Patchwriting is paraphrase that stays too close to its source: synonyms are swapped in and phrases lightly reshuffled, but the original sentence skeleton remains. Composition scholar Rebecca Moore Howard coined the term, arguing it is a normal stage of learning to write from sources — one that plagiarism software nonetheless reads as a match.

Rebecca Moore Howard introduced the term in the early 1990s to describe what she kept seeing in student writing from sources: text produced by deleting some words from the original, swapping in synonyms, and lightly rearranging clauses while the source's sentence skeleton stays intact. Her argument was pedagogical — patchwriting is a transitional stage in learning to write from sources, not theft — but detection software draws no such distinction.

Source: The intervention produced significant gains in reading fluency across all age groups. Patchwritten: The intervention created significant improvements in reading fluency across every age group.

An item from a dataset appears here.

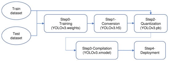 The Vitis AI [43] is a convenient and efficient tool which can deploy and accelerate AI inference on Xilinx hardware platforms, including edge devices and Alevo accelerator cards. In this research, we deploy the pruned YOLOv3 model on the ZCU102 evaluation board using the Vitis AI. Specifically, as shown in Figure 4, the whole process can be approximately divided into the following steps:

Second-language writers default to patchwriting for understandable reasons. The source's English is often better than what they can produce from scratch, so staying close feels safe; technical meaning feels fragile, so changing the structure feels risky; and genuine restructuring demands exactly the syntactic resources an L2 writer has least of. Patchwriting is what careful, honest effort looks like one step before real paraphrase.

It still triggers flags. Similarity algorithms match strings and word sequences, and a patchwritten paragraph preserves enough of the original skeleton to light up a similarity score report even when the source is cited. The way out is to paraphrase from understanding rather than from the page: read the passage, close it, restate the point in your own structure, then reopen the source only to check accuracy. Push a paraphrasing tool to do the closeness-hiding for you and you trade patchwriting for a worse artifact — see tortured phrases.